Usually yes, but limited. Most lenders allow $10,000-$30,000 per year in extra repayments on fixed loans. Beyond that you trigger break costs. A few lenders allow uncapped extras on fixed (CBA Wealth, ME Bank in past). Variable loans have no extra repayment limit. If you expect a windfall (bonus, inheritance, business sale) during the fix period, split the loan so variable can absorb the extra payments without triggering break costs.

What are break costs and how big can they be?

Break costs are charged when you exit a fixed loan early (refinance, sell, pay off in full). They compensate the lender for the funding cost difference between your fixed rate and the current rate for the remaining term. Formula varies by lender but typically: outstanding balance × rate differential × remaining years. On a $500,000 fixed loan with 3 years remaining at 6.0% fixed when current 3-year rates are 4.5%, break cost can run $15,000-$25,000. Always ask the lender for an indicative break cost calculation BEFORE refinancing — many borrowers are surprised.

Does fixed mean no offset account?

Yes for most lenders. The few exceptions (CBA, Westpac, some non-banks) offer "partial offset" on fixed loans, typically capped at $50,000-$100,000 offset balance. Loss of offset is the biggest hidden cost of fixing — for borrowers with $50k+ sitting in offset on a $500k loan, the effective rate saving from offset (offset balance × variable rate) often exceeds the headline fixed rate saving. Run the numbers before assuming fixed is cheaper.
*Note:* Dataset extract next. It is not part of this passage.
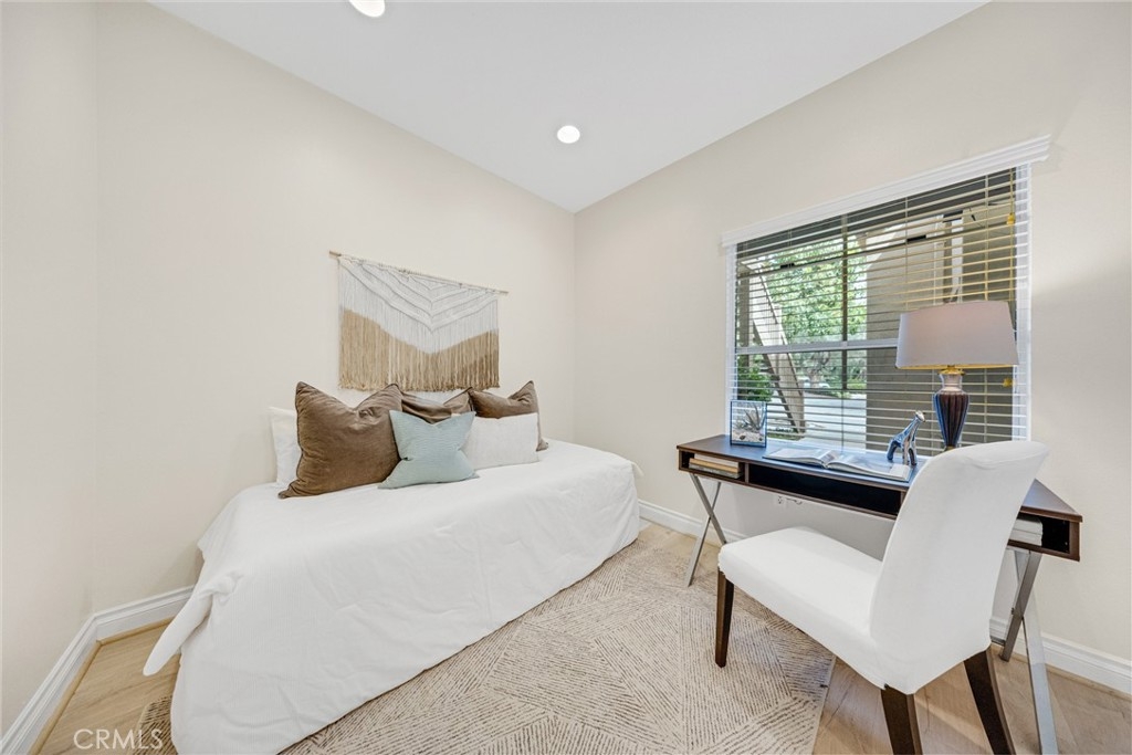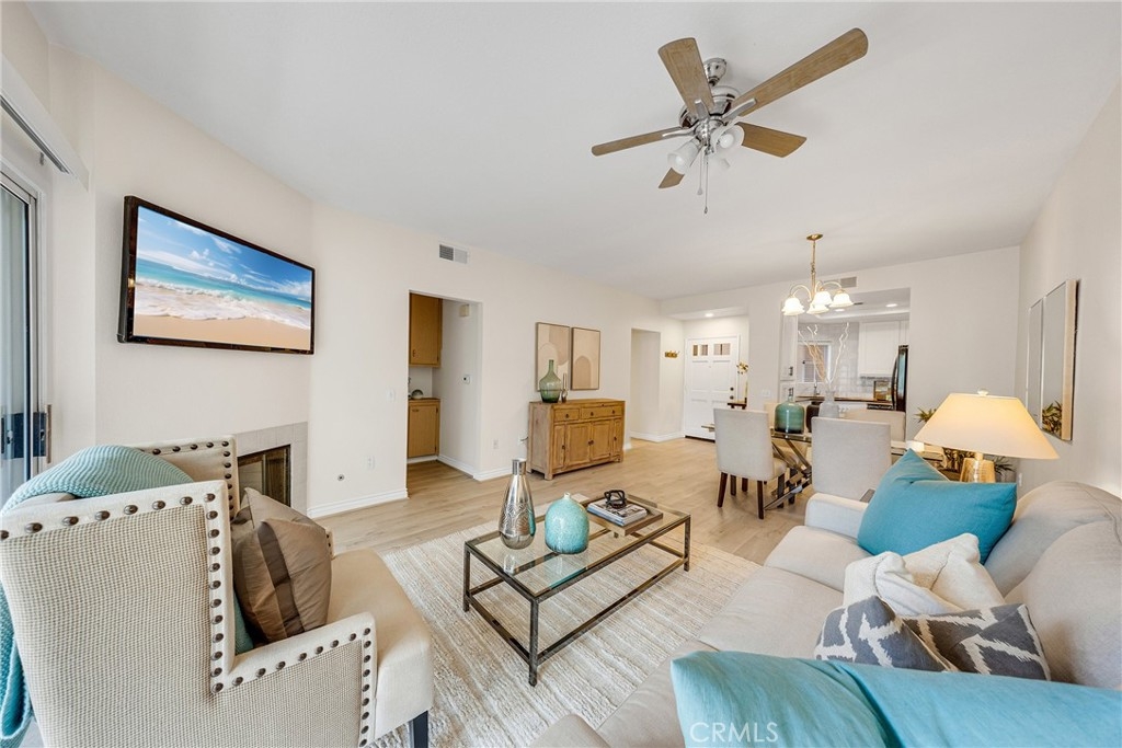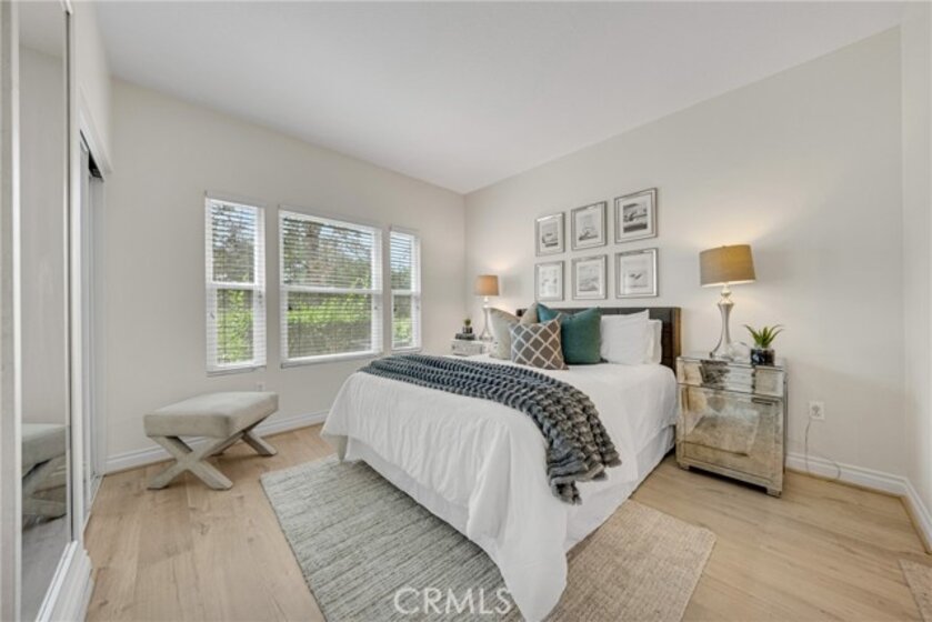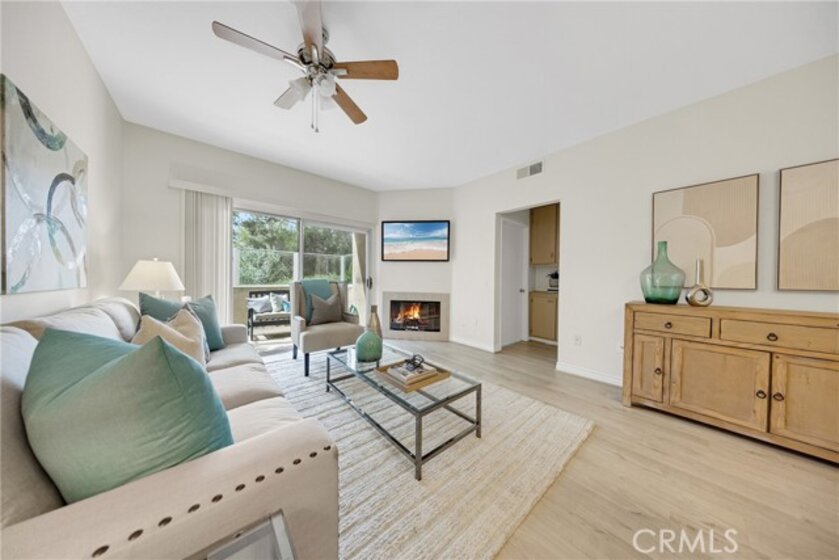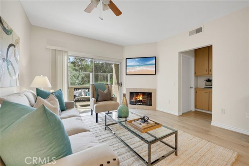 Welcome to Los Portillos! Upgraded ground-floor unit in a private view location featuring 2 bedrooms, 2 bathrooms, a detached 1-car garage, and assigned carport (#148). Enjoy a private patio backing to the Cleveland National Forest with beautiful sunset views. The remodeled kitchen offers granite countertops, a light neutral ceramic tile backsplash, and updated cabinetry. Interior highlights include new vinyl flooring, custom paint, a cozy fireplace, upgraded lighting throughout, and recessed lighting in the guest bedroom, along with mirrored wardrobe doors. The garage features built-in cabinets and overhead storage racks. Community amenities include a pool and spa. Conveniently located within walking distance to shops, restaurants, and more. One of the best-priced 2-bedroom condos in Rancho Santa Margarita with both a garage and a carport. Don’t miss this opportunity!

Should I fix part of my loan or all of it?

Most experienced borrowers split. Typical structure: 50-70% variable (with full offset + uncapped extras), 30-50% fixed for 1-3 years. Variable portion provides flexibility; fixed portion locks in the rate certainty for the bulk of repayments. As the fixed term expires, you can roll into variable (or re-fix at then-current rates) without breaking the whole loan. Splits are the standard recommendation from MFAA-member brokers for borrowers with stable income and savings discipline.

What happens at the end of a fixed term?

Your rate rolls automatically to the lender's standard variable rate, which is usually HIGHER than what you could negotiate. ALWAYS engage the lender (or a broker) 4-6 weeks before fixed expiry to: (a) negotiate a discount on the new variable rate, (b) consider re-fixing if rates have moved, (c) consider refinancing to a more competitive lender. Failing to act at roll-off is one of the most common reasons borrowers pay 0.5-1.0% above market.

Is variable risky in a rising rate cycle?

Risk is real but manageable. Variable repayments rose ~3% (e.g. $1,800/month on $500k) between May 2022 and November 2023 as the RBA hiked from 0.10% to 4.35%. Most borrowers absorbed this through reduced discretionary spending. The risk is asymmetric: if you cannot service a 2-3% rate rise without hardship, you either: (a) need a smaller loan, (b) need to fix some of the loan, (c) need to budget for the worst-case scenario. Run a "what if my rate was 8%?" stress test before deciding.